NCC Group said the observed samples delivered malware consistent with ValleyRAT behaviour. It described ValleyRAT as a modular Remote Access Trojan linked to Silver Fox. It said supporting infrastructure sat in Asia.
The company said the research reinforces industry guidance on risk exposure. It said organisations with Chinese-speaking employees or operations in China face elevated risk from the campaign, regardless of sector.
Building security protocol
Separately, NCC Group disclosed four vulnerabilities affecting the PowerG building security radio protocol used in Johnson Controls devices. The protocol is used in products deployed in homes and commercial premises, including alarm and access control environments.
PowerG features in a range of peripherals and sensors. "PowerG is used in devices such as motion detectors, cameras, smoke detectors, sirens, and smart locks," said James Chambers, Senior Security Consultant, NCC Group.
NCC Group said it reported the vulnerabilities to the US Cybersecurity and Infrastructure Security Agency. The issues include weaknesses affecting network encryption keys and device identity controls, as well as a cryptographic reuse problem and predictable radio behaviour, according to Chambers.
"Two of the vulnerabilities (CVE-2025-61738 and CVE-2025-26379) expose the PowerG network encryption keys. Affected IQPanel control panel devices generate network keys in a predictable way based on their serial number, making it easy to guess or determine the network key (CVE-2025-26379). An attacker within radio reception range can also intercept the network keys whenever a device is paired to a PowerG network because the keys are sent to the pairing device in cleartext (CVE-2025-61738)," said Chambers.
Chambers said an attacker who obtains those keys could read and inject traffic on the network. He said the protocol lacks cryptographic device identity proof. That creates opportunities for impersonation across a network, according to his analysis.

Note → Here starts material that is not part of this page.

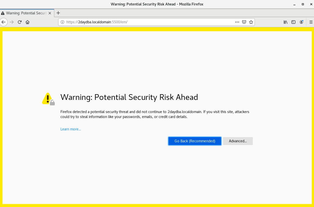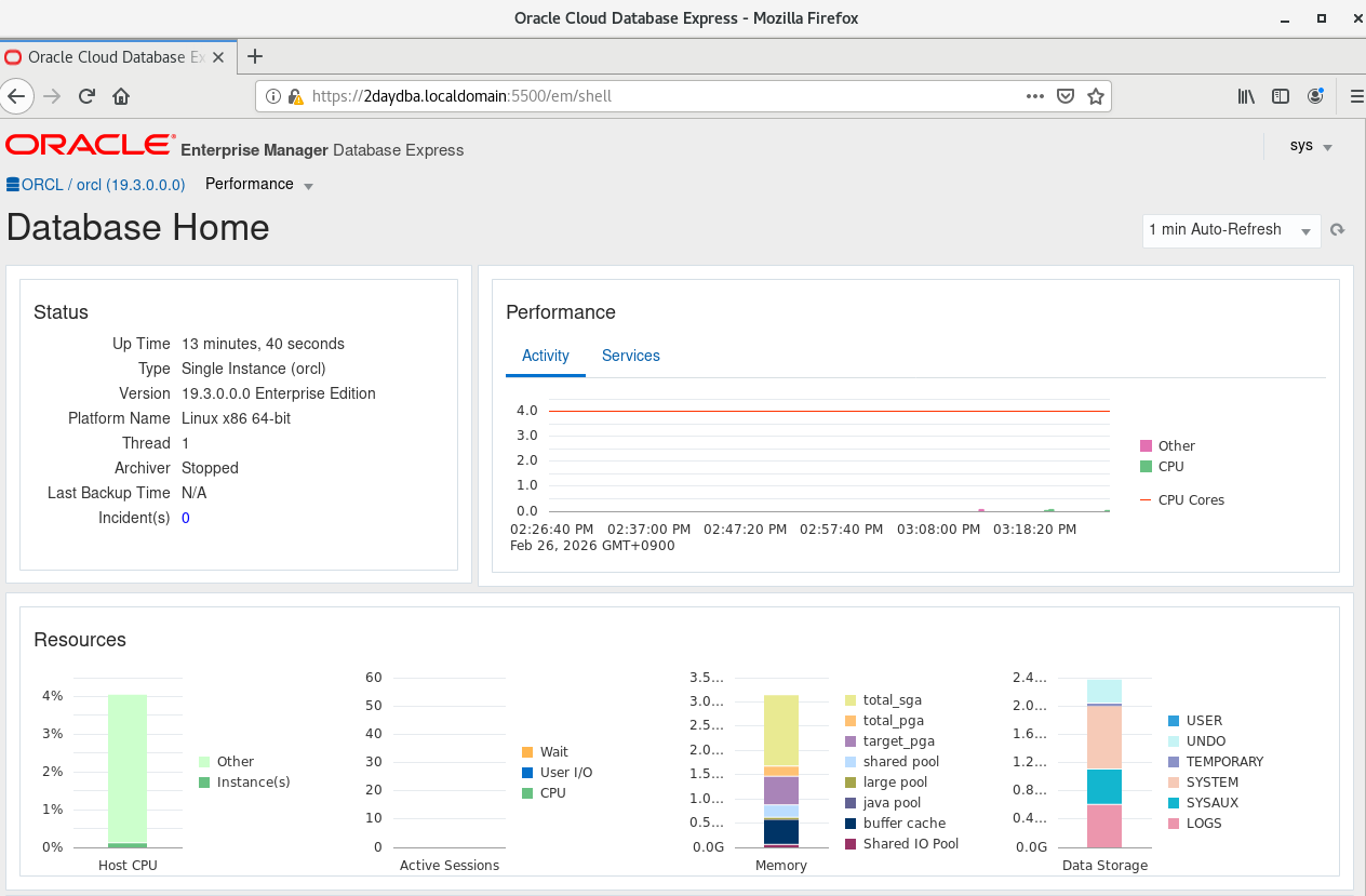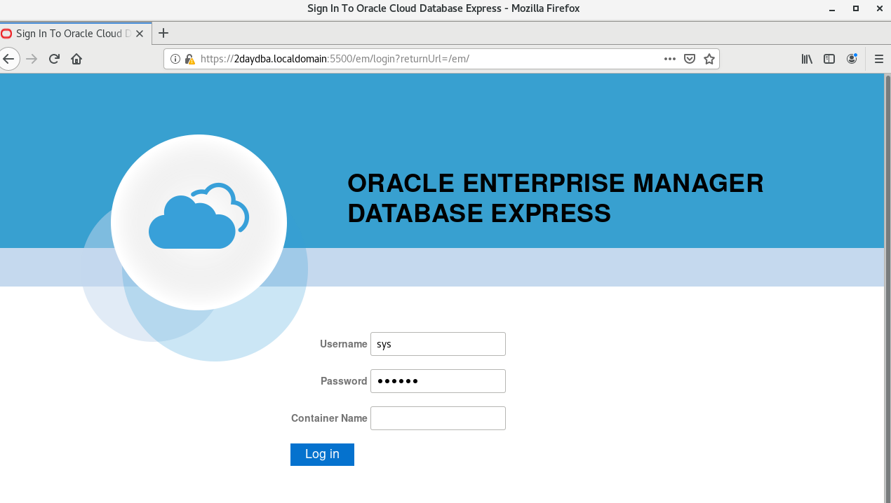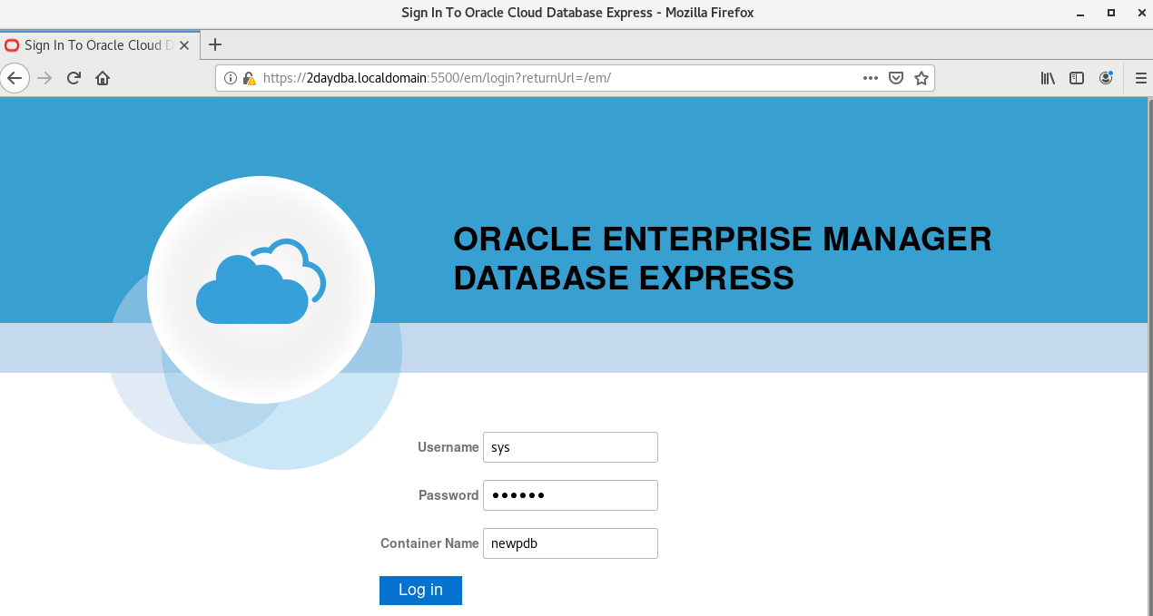- VMware 가상 머신에서: https://2daydba.localdomain:5500/em/
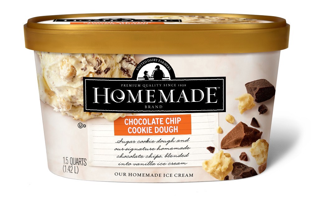 We start with some sure-mighty-tasty sugar cookie dough, mix the batter up with a heaping helping or our own Homemade dark chocolate chips, and stir gobs of those globs into our very best vanilla ice …

"With the network keys, an attacker can decrypt any message sent on the PowerG network, and send their own encrypted messages. As the protocol does not support any cryptographic proof of a device's identity (CVE-2025-61740), the attacker can pretend to be any device on the network when sending messages; for example, they could pretend to be the main control panel sending configuration, or disarm, or unlock messages to peripherals. This results in a total loss of network security," said Chambers.
Chambers also described a weakness tied to periodic re-use of cryptographic parameters. He said this could allow replay of captured messages on a repeating schedule and could also affect radio channel hopping behaviour.
"PowerG's cryptography also has a weakness where parameters that should only be used once are re-used every 36 hours (CVE-2025-61739). This means an attacker can replay captured messages every 36 hours without knowing the network keys, and potentially modify those replayed messages. The radio channel hopping sequence will also repeat every 36 hours," said Chambers.
NCC Group said mitigation depends on product and deployment constraints. "Mitigation requires updating device firmware where possible, and in some cases total replacement of the affected devices," said Chambers.